Luscious local strawberries are here.
B.C.’s annual home-grown strawberry harvest is the best, brightest sign that summer in the Lower Mainland has finally arrived.
Deep, ruby red and bursting with an intense flavour, B.C.’s melt-in-your-mouth strawberry varieties are allowed to ripen on the vine so they ripen from the inside out – unlike the pulpy, tasteless Californian imports lining supermarket shelves all year.
The extra growing time gives them the superb fruit flavour and consistency they’re famous for (but makes it impossible to ship them very far).

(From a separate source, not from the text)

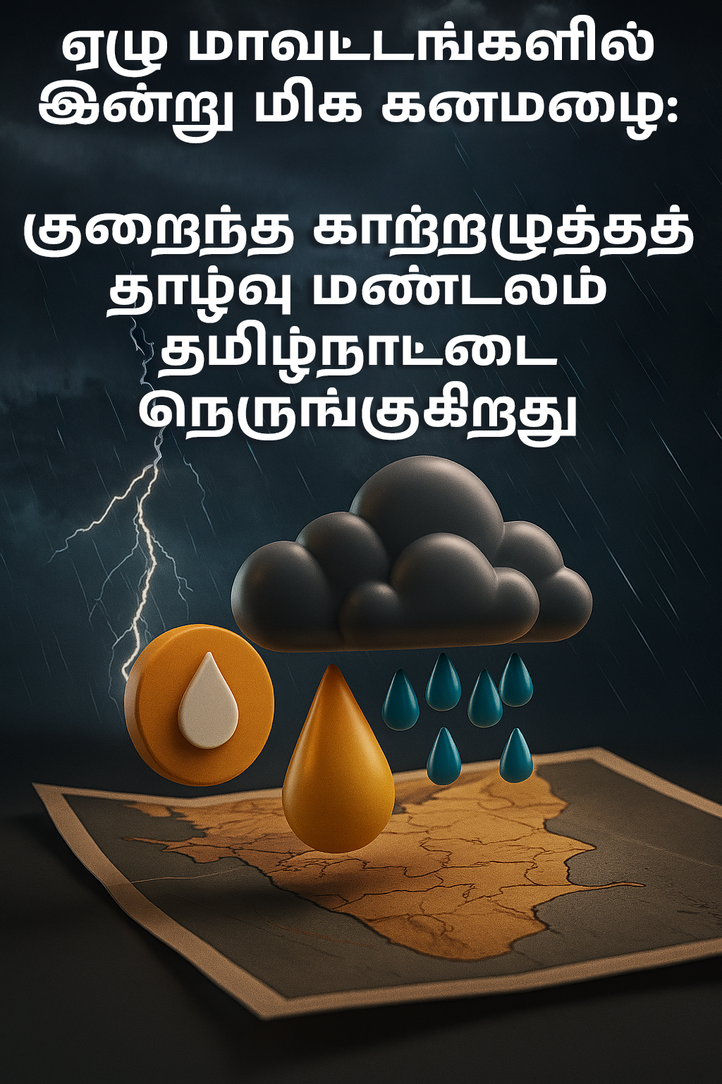 வங்காள விரிகுடாவில் உருவாகியுள்ள குறைந்த காற்றழுத்தத் தாழ்வு மண்டலம் தமிழ்நாட்டை நோக்கி வேகமாக நகர்ந்து வருவதால், இன்று ஏழு மாவட்டங்களில் மிக கனமழை பெய்யும். இந்திய வானிலை ஆய்வு மையம் (IMD) மாநிலத்தின் சில பகுதிகளுக்கு ஆரஞ்சு எச்சரிக்கை விடுத்துள்ளது, கடுமையான மழை, உள்ளூர் வெள்ளம் மற்றும் போக்குவரத்து மற்றும் விவசாயத்திற்கு சாத்தியமான இடையூறுகள் குறித்து எச்சரிக்கை விடுத்துள்ளது.

B.C. strawberry varieties are not everbearing, meaning there’s just one crop a year.
The short season – typically just three to four weeks from mid June to mid-July – means you’ve got to act fast.
The berries are hand-picked in the fields daily and immediately sold in flats that fly off the shelves of local fruit stands.
Early one recent weekday morning, Surrey Farm’s fruit stand on 152nd and Colebrook Rd. was already bustling with customers eagerly carrying sticky, fruit-laden flats of fresh strawberries to the till.
Surrey Farms sells as many as 10,000 pounds of fresh strawberries a day during the brief, frantic season, making them the family-owned operation’s number-one berry crop in terms of sales.
“When people see local strawberries for sale, they go crazy,” Surrey Farm’s fruit stand manager Baljinder said. “Some people say they’re in heaven.”
Customers love the berries, but they’re a headache for the grower. They’re costly to harvest and it’s nearly impossible to find enough pickers.
Even more troubling, the berries don’t fetch a good price in return at fruit co-ops in a market dominated by cheap imports.
If it weren’t for overwhelming customer demand, it would be tempting to get out of the strawberry business, the steadily dwindling number of local growers admit.